I don’t recall why a former me decided to leave the stock spur as a short stub. I’m sure it seemed reasonable at the time. Maybe I planned to build a stock pen together with the spur. In any event that part of the layout has been a piece of 12 mm foam core for years.
In preparation for the layout tour, and now that the pasture is finalized, I’ve decided to find a scrap of 1/2” ply and get it ready for track. The marsh at the end of the pasture continues onto this piece of plywood, and beneath the spur into the drainage ditches on either side of the siding and main track. From there it will flow down the bank behind the roundhouse and into the Muskrat River.
I routed out the marsh area, which is going to be filled with bull rushes, as well as a channel beneath the spur itself. The channel is narrow enough to be bridged by a few timbers on wooden piers on either bank.
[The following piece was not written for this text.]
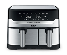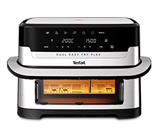 Frytkownica Tefal Dual Easy Fry Flex zużywa do 70% mniej energii* i gotuje o 40%** szybciej w porównaniu do tradycyjnego piekarnika. Z łatwością przygotujesz szeroką gamę zbilansowanych dań, zużywając przy tym mniej czasu i energii. Przeznacz go na przyjemności!

The stock pens at Pembroke were an overwhelming 80×90 feet, with two ramps. That would extend well into the pasture. So, in my version of Pembroke, they will be replaced with a single ramp, and the fenced area will be grassed like the pasture. Stock shipments would have been relatively rare (indeed, one historian believes they were unlikely, even though the very first loads shipped from Pembroke were cattle), and a farmer might have waited until the cars were in place before driving their animals to the pen.